Public Act 100-0125
 
HB2708 EnrolledLRB100 09951 RLC 20122 b

    AN ACT concerning criminal law.
 
    Be it enacted by the People of the State of Illinois,
represented in the General Assembly:
 
    Section 5. The Illinois Controlled Substances Act is
amended by changing Section 318 as follows:
 
    (720 ILCS 570/318)
    Sec. 318. Confidentiality of information.
    (a) Information received by the central repository under
Section 316 and former Section 321 is confidential.
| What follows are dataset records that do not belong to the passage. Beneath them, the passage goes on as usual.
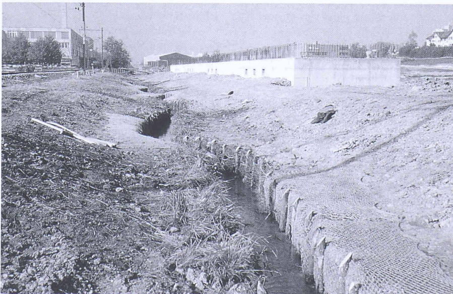
Bild 5. Mäandrierendes Normalwassergerinne, grosszügige Überflutungsmulde. Rechts verpflanzte Ufervegetation, links verpflanzte Riedvegetation

Um eine artenreiche Flora (Magerwiesen) zu fördern, wurde von einer Humusierung der in der Überflutungsmulde gelegenen Wiesen- und Böschungflächen abgesehen und die Ansaat aufgrund der späten Jahreszeit auf Frühjahr 1995 verschoben (Bild 5). Mit einer Aktion im November pflanzte der Naturschutzverein Gossau rund 150 standorttypische Sträucher in einzelnen Heckengruppen sowie 15 Korbweiden, die später zur traditionellen Kopfwidenform herangezogen werden sollen.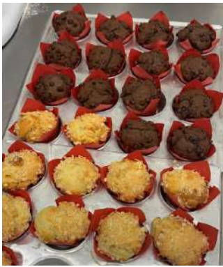
Gambar 2.28 muffin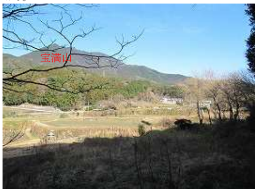
抜けると左に裏宝満山が見渡せた。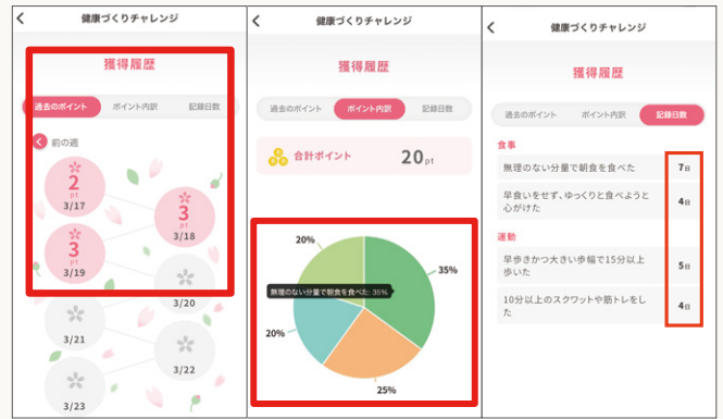
獲得履歴は過去のポイント・ポイント内訳・記録日数別に確認ができます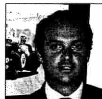
Alessandro Medi Drive Service

N. 48 - Anno VI - Aprile 2009 - Poste Italiane SpA - Spedizione in Abbonamento Postale - DL 353/2003 (conv. in L. 27/02/2004 n. 46 art. 1 comma 1 DCE) Milano - Euro 9,50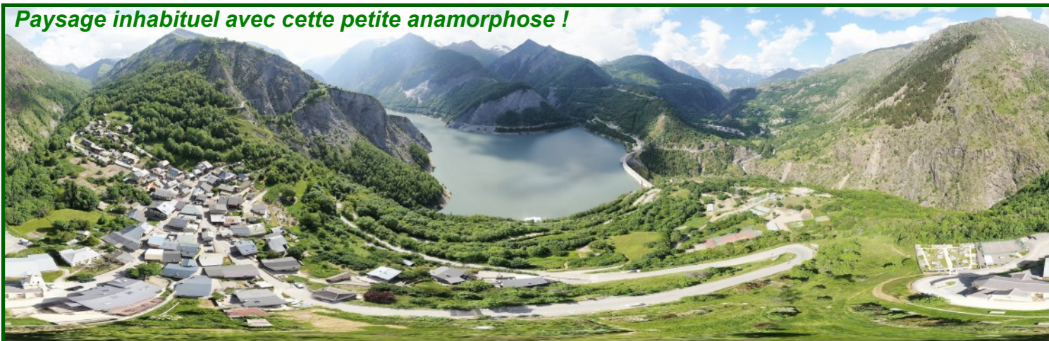
Paysage inhabituel avec cette petite anamorphose !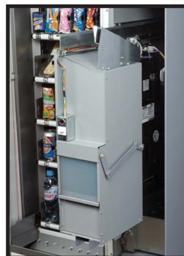
Estructura modular con elementos extraíbles Estrutura modular com elementos extraíveis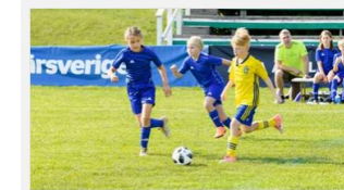
Träningspass och övningar

Med inlogg till Fotbollsportalen där SvFF Spelarutbildningsplan finns kommer ni åt en övningsbank och filmklipp Det finns färdiga träningspass, dela träningspass med fler ledare i laget inför en träning samt skapa egna övningar.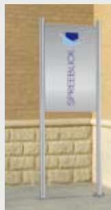
REAL STEEL FREILANDSCHILD 1, HÖHE 125 CM für einseitige Beschriftung, Standfüße zum Aufschrauben*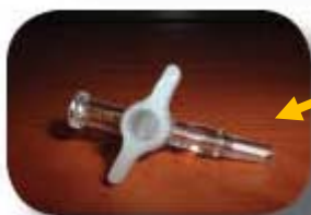
(Rubinetto ad una via in materiale plastico)

Il QT01727-V è un rubinetto ad una via utilizzato per chiudere la via di accesso o di uscita dei dispositivi utilizzati nei sistemi QuinTron per contenere i gas (sacche di raccolta dell'espriato, bombole di calibrazione, siringhe di trasporto o trasferimento, tubo essiccatore ecc.)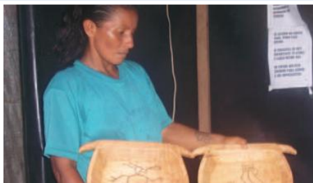
Artesana Kichwa de Cotundo, con artesanía de madera

El proyecto trata de impulsar un modelo de etnodesarrollo local para comunidades indígenas en condiciones de extrema pobreza, a través de los siguientes criterios: I) Seguridad alimentaria: garantizando la subsistencia de las familias indígenas a través de la instalación de granjas de animales menores en 15 comunidades; II) Generación de renta local: instalando talleres familiares de artesanías y senderos eco turísticos, con la participación prioritaria de mujeres y jóvenes; y, III) Revitalización cultural y ambiental: conservación del patrimonio cultural y natural, a través de iniciativas de reforestación y la instalación de sistemas agroforestales en 40 familias indígenas.

    (b) The Department must carry out a program to protect the
confidentiality of the information described in subsection
(a). The Department may disclose the information to another
person only under subsection (c), (d), or (f) and may charge a
fee not to exceed the actual cost of furnishing the
information.
    (c) The Department may disclose confidential information
described in subsection (a) to any person who is engaged in
receiving, processing, or storing the information.
    (d) The Department may release confidential information
described in subsection (a) to the following persons:
        (1) A governing body that licenses practitioners and is
    engaged in an investigation, an adjudication, or a
    prosecution of a violation under any State or federal law
    that involves a controlled substance.
        (2) An investigator for the Consumer Protection
    Division of the office of the Attorney General, a
    prosecuting attorney, the Attorney General, a deputy
    Attorney General, or an investigator from the office of the
    Attorney General, who is engaged in any of the following
    activities involving controlled substances:
            (A) an investigation;
            (B) an adjudication; or
            (C) a prosecution of a violation under any State or
        federal law that involves a controlled substance.
        (3) A law enforcement officer who is:
            (A) authorized by the Illinois State Police or the
        office of a county sheriff or State's Attorney or
        municipal police department of Illinois to receive
        information of the type requested for the purpose of
        investigations involving controlled substances; or
            (B) approved by the Department to receive
        information of the type requested for the purpose of
        investigations involving controlled substances; and
            (C) engaged in the investigation or prosecution of
        a violation under any State or federal law that
        involves a controlled substance.
        (4) Select representatives of the Department of
    Children and Family Services through the indirect online
    request process. Access shall be established by an
    intergovernmental agreement between the Department of
    Children and Family Services and the Department of Human
    Services.
    (e) Before the Department releases confidential
information under subsection (d), the applicant must
demonstrate in writing to the Department that:
        (1) the applicant has reason to believe that a
    violation under any State or federal law that involves a
    controlled substance has occurred; and
        (2) the requested information is reasonably related to
    the investigation, adjudication, or prosecution of the
    violation described in subdivision (1).
    (f) The Department may receive and release prescription
record information under Section 316 and former Section 321 to:
        (1) a governing body that licenses practitioners;
        (2) an investigator for the Consumer Protection
    Division of the office of the Attorney General, a
    prosecuting attorney, the Attorney General, a deputy
    Attorney General, or an investigator from the office of the
    Attorney General;
        (3) any Illinois law enforcement officer who is:
            (A) authorized to receive the type of information
        released; and
            (B) approved by the Department to receive the type
        of information released; or
        (4) prescription monitoring entities in other states
    per the provisions outlined in subsection (g) and (h)
    below;
confidential prescription record information collected under
Sections 316 and 321 (now repealed) that identifies vendors or
practitioners, or both, who are prescribing or dispensing large
quantities of Schedule II, III, IV, or V controlled substances
outside the scope of their practice, pharmacy, or business, as
determined by the Advisory Committee created by Section 320.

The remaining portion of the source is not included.